- **EXERCISE DATA**:

==*==

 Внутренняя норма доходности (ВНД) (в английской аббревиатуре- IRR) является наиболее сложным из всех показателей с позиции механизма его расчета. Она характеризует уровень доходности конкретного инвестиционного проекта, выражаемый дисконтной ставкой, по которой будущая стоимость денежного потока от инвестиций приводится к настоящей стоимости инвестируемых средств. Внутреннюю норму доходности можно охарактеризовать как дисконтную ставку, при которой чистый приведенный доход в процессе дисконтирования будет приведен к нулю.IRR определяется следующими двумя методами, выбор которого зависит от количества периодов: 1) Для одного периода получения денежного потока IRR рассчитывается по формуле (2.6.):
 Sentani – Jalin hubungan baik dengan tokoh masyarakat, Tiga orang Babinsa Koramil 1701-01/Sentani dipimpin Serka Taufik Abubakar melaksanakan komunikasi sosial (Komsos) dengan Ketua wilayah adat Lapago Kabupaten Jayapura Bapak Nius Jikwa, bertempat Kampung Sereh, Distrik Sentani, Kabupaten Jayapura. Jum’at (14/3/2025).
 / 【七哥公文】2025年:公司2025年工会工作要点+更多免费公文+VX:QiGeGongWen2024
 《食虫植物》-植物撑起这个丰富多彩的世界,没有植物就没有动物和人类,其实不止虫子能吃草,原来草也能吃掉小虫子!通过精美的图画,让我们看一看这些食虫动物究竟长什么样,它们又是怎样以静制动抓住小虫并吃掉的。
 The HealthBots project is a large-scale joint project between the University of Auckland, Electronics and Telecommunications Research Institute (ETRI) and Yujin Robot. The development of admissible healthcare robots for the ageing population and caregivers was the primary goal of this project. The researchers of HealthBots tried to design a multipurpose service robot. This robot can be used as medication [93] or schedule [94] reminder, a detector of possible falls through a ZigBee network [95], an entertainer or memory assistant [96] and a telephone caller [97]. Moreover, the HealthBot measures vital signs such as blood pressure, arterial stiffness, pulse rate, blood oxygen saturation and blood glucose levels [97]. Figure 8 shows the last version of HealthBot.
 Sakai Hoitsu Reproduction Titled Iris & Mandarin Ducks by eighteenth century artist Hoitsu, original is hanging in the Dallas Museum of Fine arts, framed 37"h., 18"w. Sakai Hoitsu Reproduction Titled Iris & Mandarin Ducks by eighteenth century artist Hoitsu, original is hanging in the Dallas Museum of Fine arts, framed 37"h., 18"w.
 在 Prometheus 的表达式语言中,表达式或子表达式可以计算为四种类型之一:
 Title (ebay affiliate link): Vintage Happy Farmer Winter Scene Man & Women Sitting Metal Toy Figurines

==*==

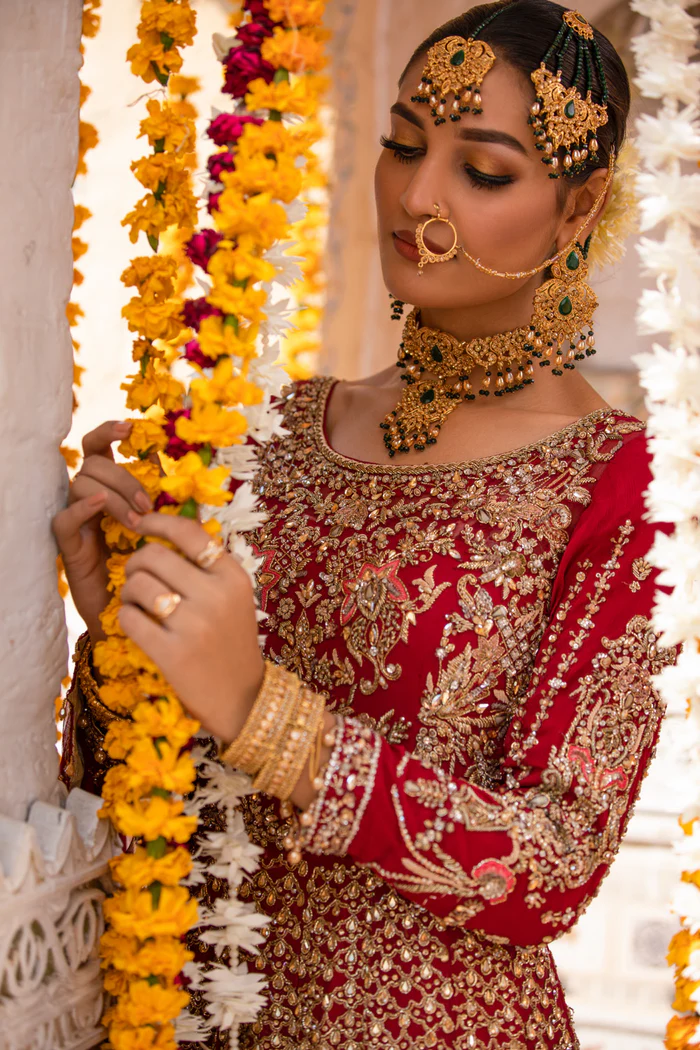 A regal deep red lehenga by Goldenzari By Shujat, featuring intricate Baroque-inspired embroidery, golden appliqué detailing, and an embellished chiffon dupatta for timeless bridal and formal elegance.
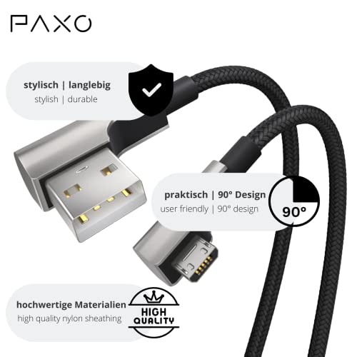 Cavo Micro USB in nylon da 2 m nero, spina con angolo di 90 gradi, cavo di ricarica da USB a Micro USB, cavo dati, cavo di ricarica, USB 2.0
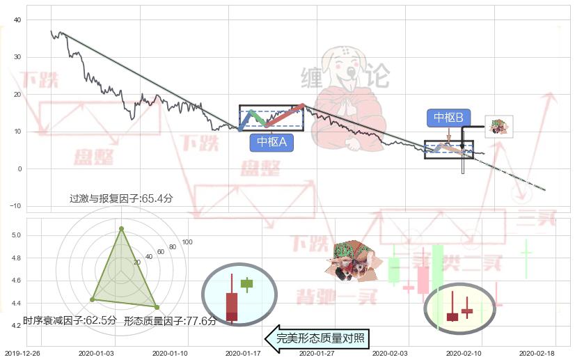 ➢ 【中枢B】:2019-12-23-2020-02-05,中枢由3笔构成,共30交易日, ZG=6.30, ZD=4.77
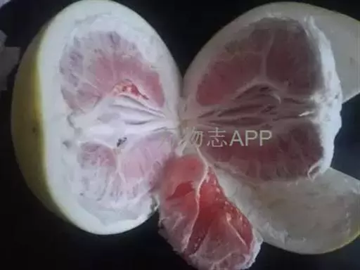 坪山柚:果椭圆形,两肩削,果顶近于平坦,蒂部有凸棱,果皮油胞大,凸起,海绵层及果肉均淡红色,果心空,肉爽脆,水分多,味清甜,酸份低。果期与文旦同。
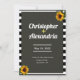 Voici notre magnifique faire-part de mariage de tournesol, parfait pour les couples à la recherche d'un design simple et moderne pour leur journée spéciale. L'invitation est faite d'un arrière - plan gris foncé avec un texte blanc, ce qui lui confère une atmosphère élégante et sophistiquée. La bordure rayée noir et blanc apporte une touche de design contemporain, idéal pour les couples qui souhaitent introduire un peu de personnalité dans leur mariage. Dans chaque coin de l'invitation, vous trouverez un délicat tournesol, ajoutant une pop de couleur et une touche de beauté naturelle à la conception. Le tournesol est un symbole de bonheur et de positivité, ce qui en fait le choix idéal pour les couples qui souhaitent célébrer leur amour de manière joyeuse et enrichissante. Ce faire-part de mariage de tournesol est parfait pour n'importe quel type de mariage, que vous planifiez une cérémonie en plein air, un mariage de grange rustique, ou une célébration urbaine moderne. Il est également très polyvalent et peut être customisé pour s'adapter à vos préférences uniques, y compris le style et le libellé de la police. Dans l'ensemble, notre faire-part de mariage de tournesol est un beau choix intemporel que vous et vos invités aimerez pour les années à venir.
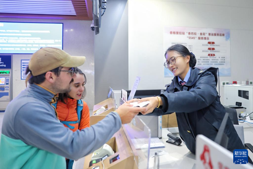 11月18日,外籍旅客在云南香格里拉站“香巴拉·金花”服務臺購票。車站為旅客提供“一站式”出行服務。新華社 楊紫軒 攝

==*==

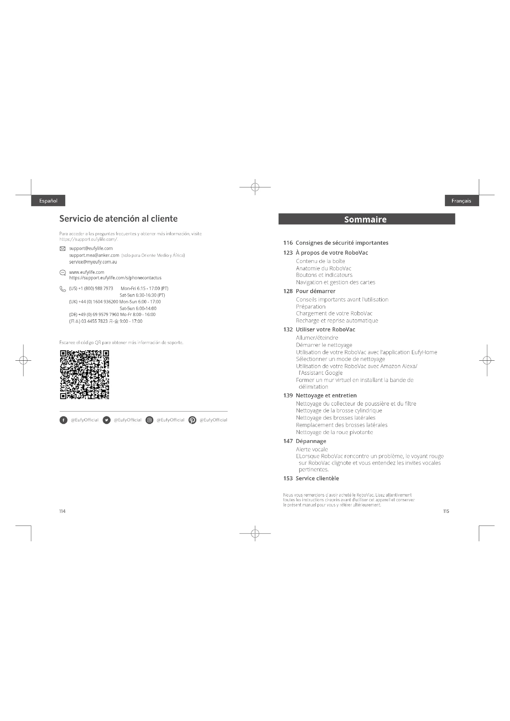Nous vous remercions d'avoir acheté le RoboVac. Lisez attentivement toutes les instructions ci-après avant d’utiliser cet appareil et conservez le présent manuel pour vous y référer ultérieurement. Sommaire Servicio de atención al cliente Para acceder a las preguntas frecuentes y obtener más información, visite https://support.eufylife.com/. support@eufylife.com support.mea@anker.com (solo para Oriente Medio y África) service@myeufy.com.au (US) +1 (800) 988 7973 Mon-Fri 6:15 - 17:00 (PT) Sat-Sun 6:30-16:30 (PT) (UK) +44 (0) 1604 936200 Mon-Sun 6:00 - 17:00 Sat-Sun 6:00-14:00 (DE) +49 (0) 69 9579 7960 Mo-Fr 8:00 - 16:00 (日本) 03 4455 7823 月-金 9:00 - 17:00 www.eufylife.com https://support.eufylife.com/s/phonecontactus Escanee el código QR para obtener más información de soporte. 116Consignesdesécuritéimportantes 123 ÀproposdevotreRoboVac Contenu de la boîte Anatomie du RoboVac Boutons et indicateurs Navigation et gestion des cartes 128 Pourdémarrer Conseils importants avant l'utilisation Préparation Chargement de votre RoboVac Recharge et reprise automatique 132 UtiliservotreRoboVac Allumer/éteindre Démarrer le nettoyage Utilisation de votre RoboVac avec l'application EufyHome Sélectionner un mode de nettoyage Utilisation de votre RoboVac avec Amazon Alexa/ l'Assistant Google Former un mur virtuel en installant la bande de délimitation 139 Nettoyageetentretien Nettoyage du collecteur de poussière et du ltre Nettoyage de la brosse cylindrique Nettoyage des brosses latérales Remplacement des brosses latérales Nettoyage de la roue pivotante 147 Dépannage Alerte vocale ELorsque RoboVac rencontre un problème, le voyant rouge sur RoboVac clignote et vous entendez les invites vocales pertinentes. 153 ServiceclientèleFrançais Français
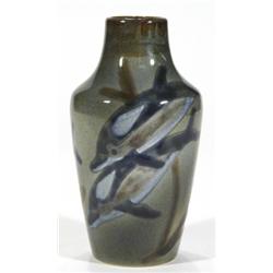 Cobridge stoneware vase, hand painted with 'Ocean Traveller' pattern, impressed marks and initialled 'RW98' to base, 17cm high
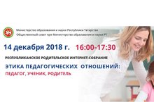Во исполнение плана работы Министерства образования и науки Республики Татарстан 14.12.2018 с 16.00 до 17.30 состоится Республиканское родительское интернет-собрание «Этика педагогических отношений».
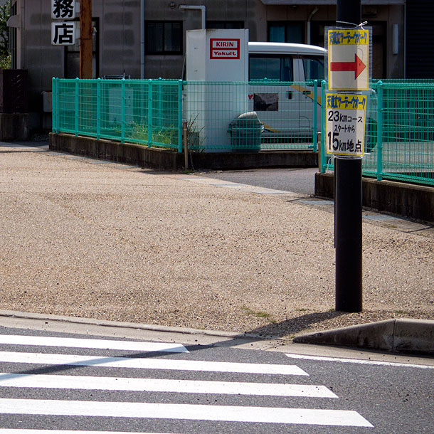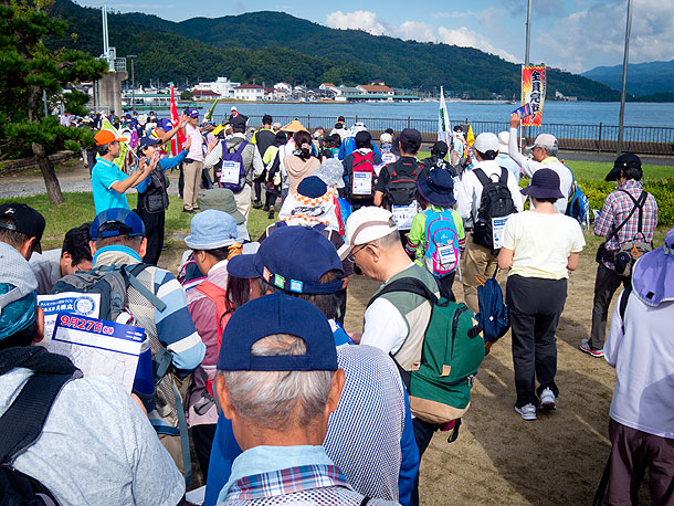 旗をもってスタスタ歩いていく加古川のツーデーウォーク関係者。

==*==

In the records above, find the line containing "Cobridge stoneware vase, hand" and the line containing "旗をもってスタスタ歩いていく加古川のツーデーウォーク関係者。", then give both of them again word for word along with every line between. Omit any pictures.

- **SOLUTION**:
 Cobridge stoneware vase, hand painted with 'Ocean Traveller' pattern, impressed marks and initialled 'RW98' to base, 17cm high
Во исполнение плана работы Министерства образования и науки Республики Татарстан 14.12.2018 с 16.00 до 17.30 состоится Республиканское родительское интернет-собрание «Этика педагогических отношений».
 旗をもってスタスタ歩いていく加古川のツーデーウォーク関係者。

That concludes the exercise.